Work to complete |
Word for word, restate the listing that follows and leave out the images.

*** Block opens ***

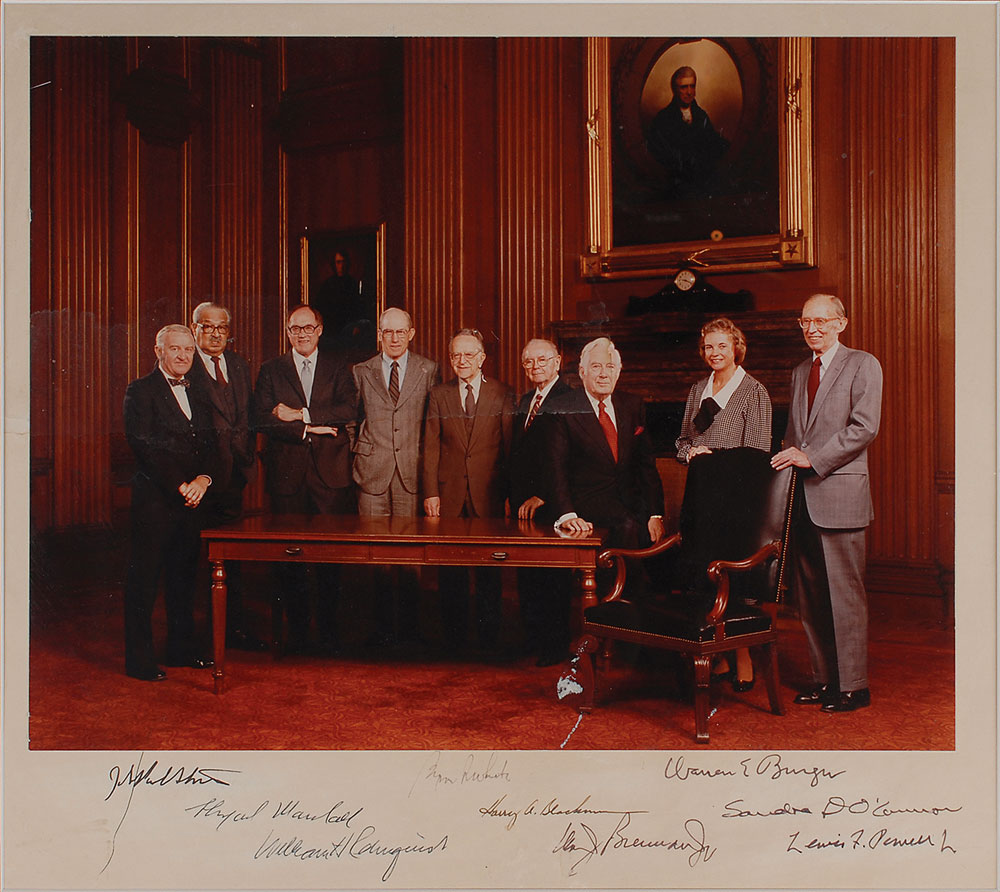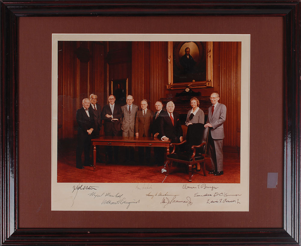 Uncommon color matte-finish 13.5 x 10.5 photo of the Burger Court affixed to a slightly larger mount, signed on the mount in ink by all nine justices: Warren E. Burger, Thurgood Marshall, William J. Brennan, Byron White, Lewis F. Powell, Jr., Harry A. Blackmun, William Rehnquist, Sandra Day O’Connor, and John Paul Stevens. Matted and framed. In very good condition, with a central horizontal crease through the photo, some imperfections to the emulsion, a couple spots of surface loss, and a stray mark to the lower left. Pre-certified PSA/DNA.
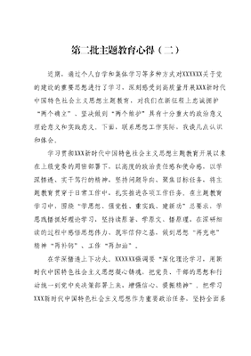 第二批主题教育心得(二)近期,通过个人自学和集体学习等多种方式对XXXXXX关于党的建设的重要思想进行了学习,深刻感受到高质量开展XXX新时代中国特色社会主义思想主题教育,对我们在新征程上忠诚拥护两个确立、坚决做到两个维护具有十分重大的政治意义理论意义和实践意义。下面,联系思想工作实际,我谈几点认识和体会。学习贯彻XXX新时代中国特色社会主义思想主题教育开展以来在上级党委的周密部署下,以高度的政治责任感和使命感,以学深悟透、实干笃行的精神,坚持问题导向、聚焦目标任务,将主题教育贯穿于日常工作中,扎实推进各项工作任务。在主题教育学习中,围绕学思想、强党性、重实践、建新功总要求,学思践悟抓好理论学习,坚持读原著、学原文、悟原理,在深研细读的过程中感悟思想伟力、筑牢信仰之基,做到思想再充电精神再补钙、工作再加油。在学深悟透上下功夫。XXXXXX强调要深化理论学习,用新时代中国特色社会主义思想凝心铸魂,把党员、干部的思想和行动统一到党中央决策部署上来,增强信心、提振精神。把学习XXX新时代中国特色社会主义思想作为重要政治任务,坚持全面系统、及时跟进学。一是要立足本职岗位、埋头做好本职工作的同时,尽可能意识地开阔自己的视野,为今后发展多打些基础、多做些准备;二是要处理好学习与理解、掌握与运用的关系,把学以致用作为学习的落脚点,在实践中学、在实践中用,真正把知识和能力转化为自己的眼界视野、思维方法、领导方式、工作措施;三是要有打破砂锅问到底的钻劲,养成经常总结反思的习惯善于在实践中学习、观察、思考、总结,探寻事物发展的内在规律,把握事物发展的大趋势,掌握推动工作的主动权。抓好调研解难题促发展。将深入一线、走入基层调查研究作为重要内容,是这次主题教育的一个鲜明特色。要强化责任意识当好求真务实的践行者,时刻以等不起、慢不得、坐不住的紧迫感,狠抓工作落实,善抓工作重点,做到手勤、脚勤和脑勤,将解决交通运输服务行业热点难点问题为出发点,做好基层调研。要把基层作为最好的课堂,把群众作为最好的老师,到群众中去,到困难大、矛盾多的地方去,与群众面对面交谈、用最朴实的语言访贫问苦、问计于民,真切感受群众的酸甜苦辣,要发现真问题、听到真心话。其次是摸实情。没有调研,就没有发言权。开展调研必须要结合基层实际,全方位全过程了解问题、解决问题,真正让调研成果为决策服务,让调研更有意义。最后是转作风。搞调研要转变作风、端正态度、改进方式、严明纪律,决不能为了调研而调研,更不能做表面调研要有俯下身子看清蚂蚁,蹲下身子解剖麻雀的态度做好调查研究加强检视整改树新风。要坚持问题导向和目标导向,对照党章党规党纪、对照法律法规,敢于自我揭短亮丑,做到见人见事见思想,真正触及灵魂、触及要害、触及痛处。要把原因分析透根源剖析准,既要总体分析面上情况,又要深入解剖麻雀剖析问题根源,要实实在在抓整改,要把整改工作纳入日常工作中经常查一查、看一看是否整改到位、是否出现反弹,是否发现新问题,要经常抓、抓经常,反复抓、抓反复,一时解决不了的,列出时间表,按期整改,做到问题不整改不罢休、整改不见效不罢手。XXX新时代中国特色社会主义思想主题教育是我们以后工作的方向和动力,作为服务部门,服务的提升是我们的宗旨,完成每一项服务是我们的目标,只有无止境的转型升级,才能提升自己才能更好的服务群众,要把深入学习贯彻XXX新时代中国特色社会主义思想作为主线,以更高标准、更严要求、更实措施,带头抓好理论学习,带头抓好调查研究,带头抓好问题检视和整改,认真抓好分管领域主题教育,党员干部作好示范表率,推动主题教育扎实开展、取得实效。
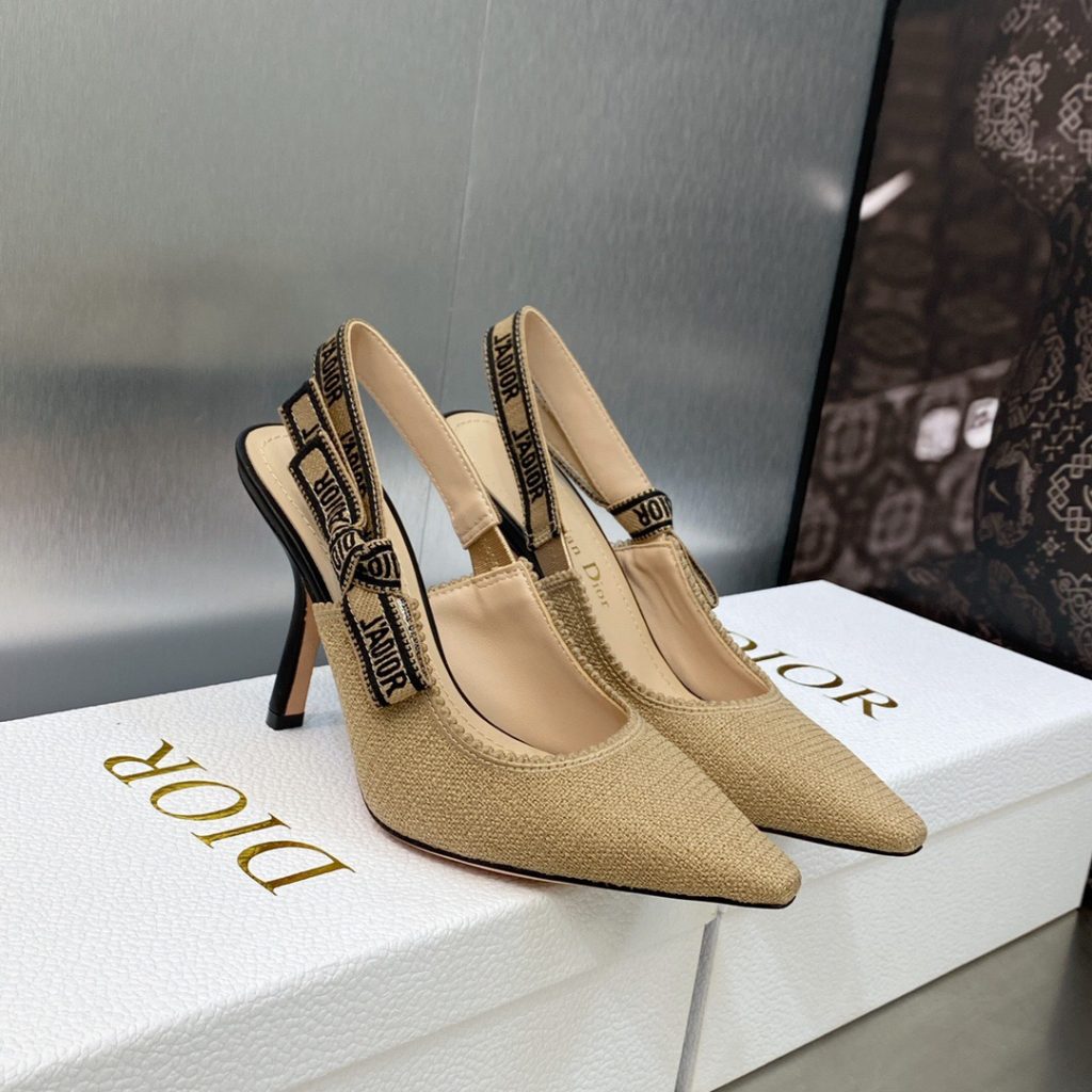 Dior J’Adior Slingback Pumps in Beige Embroidered Jute Canvas 2023
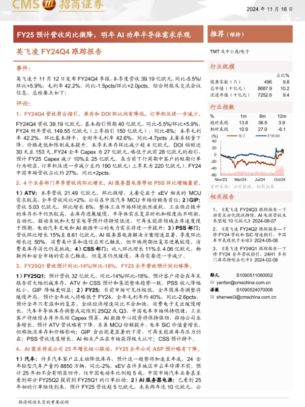 【海通证券】【20241116】20241116-招商证券-英飞凌FY24Q4跟踪报告:FY25预计营收同比微降,明年AI功率半导体需求乐观-17页 行业研究
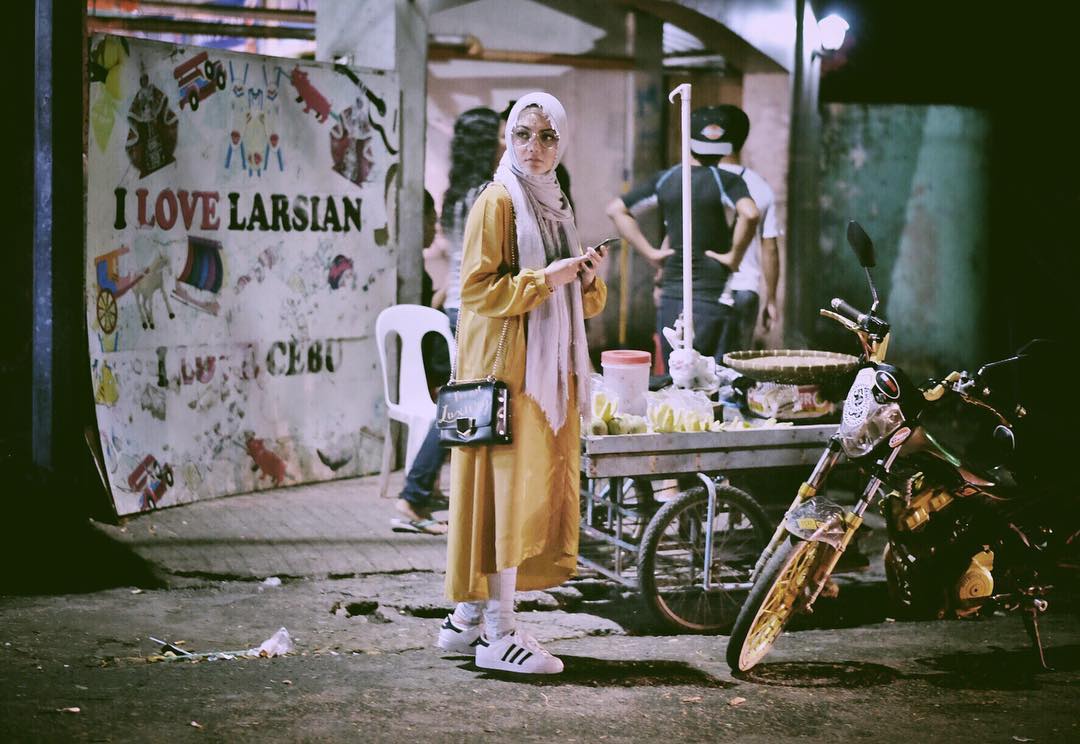 Begini tampilan Rina Nose ketika ia menginjakkan kakinya ke Kota Cebu, Filipina.
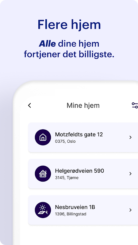 Приложение автоматически получает данные о вашем потреблении электроэнергии и поставщике электроэнергии из Statnett и подключает вас к полному обзору всех контрактов на электроэнергию в Норвегии от Совета потребителей. Агент круглосуточно следит за рынком и точно знает, когда и какой контракт вам следует переключить, основываясь на вашем потреблении и истории.
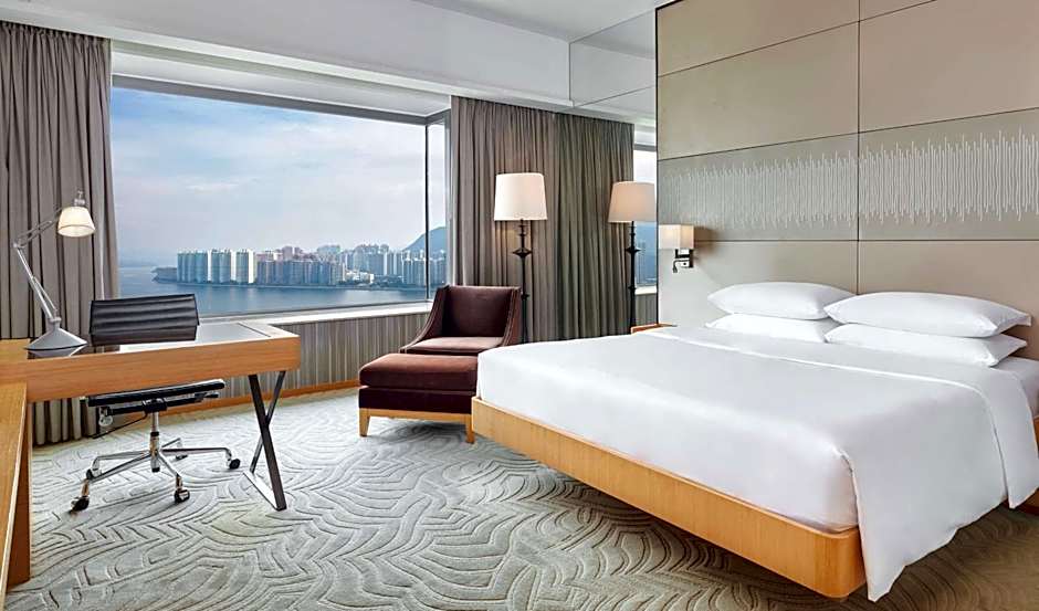 Offering harbor views, this 35-square-yard room comes with a king-sized bed and writing desk with enhanced lighting, a bathroom with glass wall with a TV, alongside a separate rainshower. It also has contemporary decor with photographic montages of old and new Hong Kong, plus 42-inch multi-channel LCD flat-screen TV and wired and wireless broadband internet access.
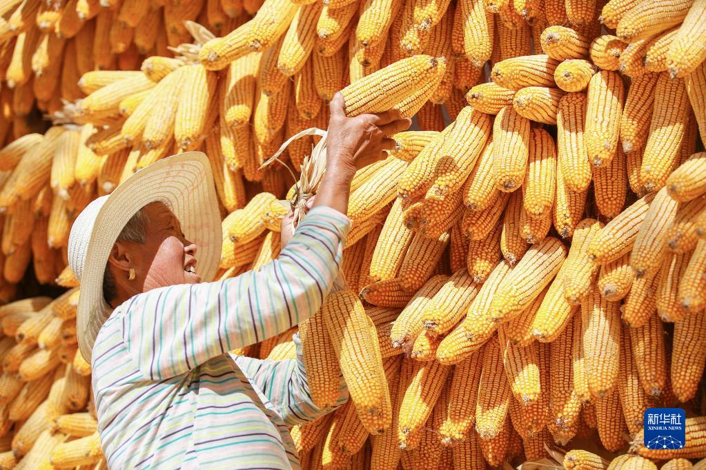 秋日里,各地農民搶抓農時(shí)收獲、晾曬農作物,到處是一派豐收的景象。

*** Block closes ***

Written solution |
 Uncommon color matte-finish 13.5 x 10.5 photo of the Burger Court affixed to a slightly larger mount, signed on the mount in ink by all nine justices: Warren E. Burger, Thurgood Marshall, William J. Brennan, Byron White, Lewis F. Powell, Jr., Harry A. Blackmun, William Rehnquist, Sandra Day O’Connor, and John Paul Stevens. Matted and framed. In very good condition, with a central horizontal crease through the photo, some imperfections to the emulsion, a couple spots of surface loss, and a stray mark to the lower left. Pre-certified PSA/DNA.
 第二批主题教育心得(二)近期,通过个人自学和集体学习等多种方式对XXXXXX关于党的建设的重要思想进行了学习,深刻感受到高质量开展XXX新时代中国特色社会主义思想主题教育,对我们在新征程上忠诚拥护两个确立、坚决做到两个维护具有十分重大的政治意义理论意义和实践意义。下面,联系思想工作实际,我谈几点认识和体会。学习贯彻XXX新时代中国特色社会主义思想主题教育开展以来在上级党委的周密部署下,以高度的政治责任感和使命感,以学深悟透、实干笃行的精神,坚持问题导向、聚焦目标任务,将主题教育贯穿于日常工作中,扎实推进各项工作任务。在主题教育学习中,围绕学思想、强党性、重实践、建新功总要求,学思践悟抓好理论学习,坚持读原著、学原文、悟原理,在深研细读的过程中感悟思想伟力、筑牢信仰之基,做到思想再充电精神再补钙、工作再加油。在学深悟透上下功夫。XXXXXX强调要深化理论学习,用新时代中国特色社会主义思想凝心铸魂,把党员、干部的思想和行动统一到党中央决策部署上来,增强信心、提振精神。把学习XXX新时代中国特色社会主义思想作为重要政治任务,坚持全面系统、及时跟进学。一是要立足本职岗位、埋头做好本职工作的同时,尽可能意识地开阔自己的视野,为今后发展多打些基础、多做些准备;二是要处理好学习与理解、掌握与运用的关系,把学以致用作为学习的落脚点,在实践中学、在实践中用,真正把知识和能力转化为自己的眼界视野、思维方法、领导方式、工作措施;三是要有打破砂锅问到底的钻劲,养成经常总结反思的习惯善于在实践中学习、观察、思考、总结,探寻事物发展的内在规律,把握事物发展的大趋势,掌握推动工作的主动权。抓好调研解难题促发展。将深入一线、走入基层调查研究作为重要内容,是这次主题教育的一个鲜明特色。要强化责任意识当好求真务实的践行者,时刻以等不起、慢不得、坐不住的紧迫感,狠抓工作落实,善抓工作重点,做到手勤、脚勤和脑勤,将解决交通运输服务行业热点难点问题为出发点,做好基层调研。要把基层作为最好的课堂,把群众作为最好的老师,到群众中去,到困难大、矛盾多的地方去,与群众面对面交谈、用最朴实的语言访贫问苦、问计于民,真切感受群众的酸甜苦辣,要发现真问题、听到真心话。其次是摸实情。没有调研,就没有发言权。开展调研必须要结合基层实际,全方位全过程了解问题、解决问题,真正让调研成果为决策服务,让调研更有意义。最后是转作风。搞调研要转变作风、端正态度、改进方式、严明纪律,决不能为了调研而调研,更不能做表面调研要有俯下身子看清蚂蚁,蹲下身子解剖麻雀的态度做好调查研究加强检视整改树新风。要坚持问题导向和目标导向,对照党章党规党纪、对照法律法规,敢于自我揭短亮丑,做到见人见事见思想,真正触及灵魂、触及要害、触及痛处。要把原因分析透根源剖析准,既要总体分析面上情况,又要深入解剖麻雀剖析问题根源,要实实在在抓整改,要把整改工作纳入日常工作中经常查一查、看一看是否整改到位、是否出现反弹,是否发现新问题,要经常抓、抓经常,反复抓、抓反复,一时解决不了的,列出时间表,按期整改,做到问题不整改不罢休、整改不见效不罢手。XXX新时代中国特色社会主义思想主题教育是我们以后工作的方向和动力,作为服务部门,服务的提升是我们的宗旨,完成每一项服务是我们的目标,只有无止境的转型升级,才能提升自己才能更好的服务群众,要把深入学习贯彻XXX新时代中国特色社会主义思想作为主线,以更高标准、更严要求、更实措施,带头抓好理论学习,带头抓好调查研究,带头抓好问题检视和整改,认真抓好分管领域主题教育,党员干部作好示范表率,推动主题教育扎实开展、取得实效。
 Dior J’Adior Slingback Pumps in Beige Embroidered Jute Canvas 2023
 【海通证券】【20241116】20241116-招商证券-英飞凌FY24Q4跟踪报告:FY25预计营收同比微降,明年AI功率半导体需求乐观-17页 行业研究
 Begini tampilan Rina Nose ketika ia menginjakkan kakinya ke Kota Cebu, Filipina.
 Приложение автоматически получает данные о вашем потреблении электроэнергии и поставщике электроэнергии из Statnett и подключает вас к полному обзору всех контрактов на электроэнергию в Норвегии от Совета потребителей. Агент круглосуточно следит за рынком и точно знает, когда и какой контракт вам следует переключить, основываясь на вашем потреблении и истории.
 Offering harbor views, this 35-square-yard room comes with a king-sized bed and writing desk with enhanced lighting, a bathroom with glass wall with a TV, alongside a separate rainshower. It also has contemporary decor with photographic montages of old and new Hong Kong, plus 42-inch multi-channel LCD flat-screen TV and wired and wireless broadband internet access.
 秋日里,各地農民搶抓農時(shí)收獲、晾曬農作物,到處是一派豐收的景象。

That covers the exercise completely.